Красная королева (СИ) - Ром Полина
В целом жить было вполне можно. Далеко не всегда у себя дома мальчишки получали такие щедрые порции еды. Так что, выспавшись после дороги и плотно позавтракав, два дня они бродили по двору замка и мастерским, стараясь не терять друг друга из вида: этот гудящий городок пугал их и интенсивностью движения, и новыми незнакомыми вещами.

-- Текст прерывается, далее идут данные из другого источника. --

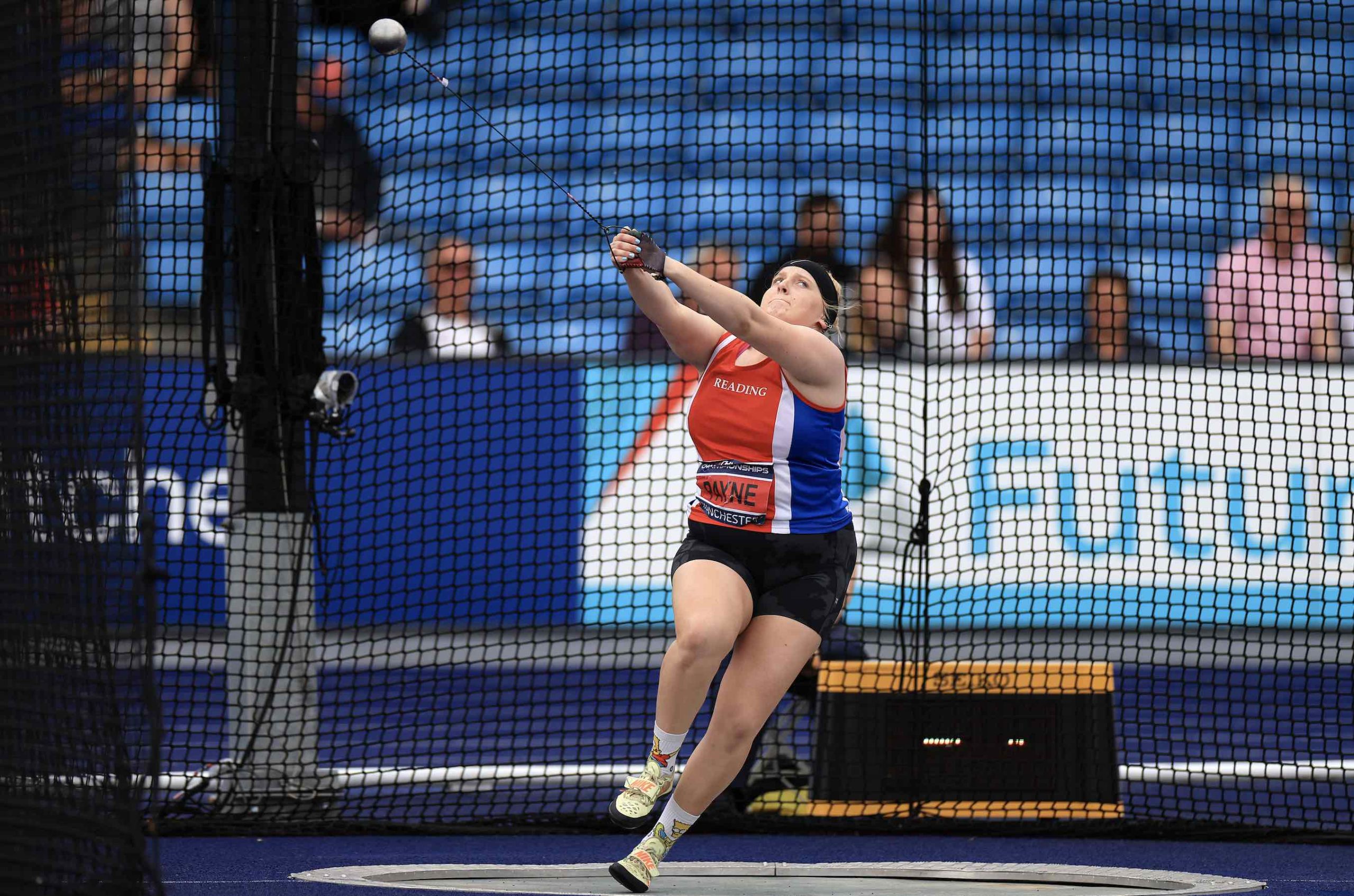 Charlotte Payne, defending champion, hammer throw, photo by Getty Images for British Athletics

Побывали на конюшне и полюбовались щенками на псарне. Постояли в дверях кузнечной мастерской, где грозно «эхали» и «ухали» по раскаленному куску железа кузнец и его помощник, а еще один крепкий дядька ловко поворачивал этот самый алеющий прямоугольник металла, держа его в огромных клещах и ловко подставляя под удары молотов нужным местом. Постояли у порога главной кухни, с изумлением взирая на то, как пять поваров в высоких белоснежных шляпах, указывающих на их статус, гоняют туда-сюда бесчисленное количество помощников: кухонных мальчишек, чистящих и режущих овощи женщин, трех расторопных посудомоек и собственных помощников, облаченных почти в такие же белые, но более низкие колпаки. Швейная мастерская привлекла их внимание ненадолго и только тем, что оттуда слаженным хором голосов неслась печальная баллада про рыцаря.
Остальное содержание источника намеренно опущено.